I got a comment on a tweet of mine from a friend of mine on Facebook:

Statistically? What does that mean? I mean, I think statistics like "1 in 5" or is that just NASA's way of saying '09 had an average temp equal to '98's average temp?

(Source: Facebook)

It's a pretty reasonable question, which kind of underlines the misperceptions on how temperature stuff is measured. John's second point is pretty close to the mark, but there are some subtleties that get lost along the way.

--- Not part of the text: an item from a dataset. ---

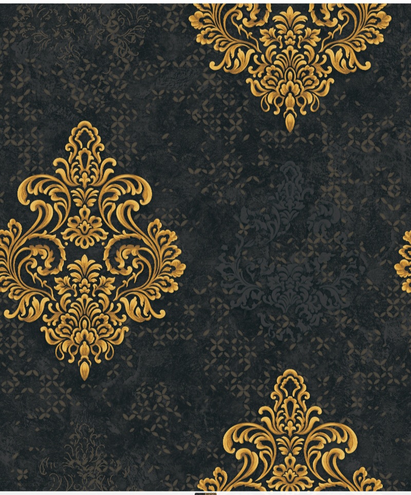 This striking black and gold damask wallpaper is the epitome of luxury and sophistication, making a bold statement in any space. The rich, deep black background serves as a dramatic canvas for the radiant gold damask pattern, which features intricate motifs that swirl and flow gracefully. This captivating contrast creates an opulent effect, instantly drawing attention and adding a sense of grandeur to your decor.

So, first consider the way these temperatures are measured. Obviously, there is inherent instrument error, but there are much larger sources of error. Consider what would happen if you had 100 sensors seperated by 1 m in Death Valley, one sensor in the middle of the Pacific, and one in Antarctica. Obviously, an arithmetic mean is grossly inadequate. So, the data has to be integrated in some weighted manner, which introduces statistical error. Then consider local effects. If you have a thermometer at location X, but if you move it one meter to the left a building drops a shadow over the thermometer. Which is "more true"? People and critters, etc, will experience both temperatures. Do you use both? What about locations that have such a situation, but only one sensor? You need a model to integrate the data.

Then consider what it means for the temps to be equal. Which is a higher temp: 30 +/ 0.3, or 29.8 + 0.5 / - 0.1 ? What about 30.1 +/- 0.7? There are good arguments on various sides, but the most honest thing to say is that they are statistically equivalent — that is, the temperatures all lie within the error bars of the other temperatures. However, the media would probably report the 29.8 temperature as the lowest and 30.1 temperature as the highest, though there is a compelling argument to be made for the reverse.

Here's a couple fairly extreme examples: is 32 +/- 0.1, or 30 +/- 5 larger? There is around a 30% chance that the second temperature is higher, and possibly as much as 3 degrees higher, which is significant. Statistically, you can't tell the difference between the two. A second case would be if you consider a stream of years with steadily improving detectors. If you had a five year span that the error bars kept shrinking, and each subsequent year was entirely within the error bars of the previous, can you say anything about trends in that data? Of course not.

Scientific data without error bars isn't scientific data, and it's a travesty the media almost never mentions error. There is a reason, though, that all the caveats are required and provided by people like NASA.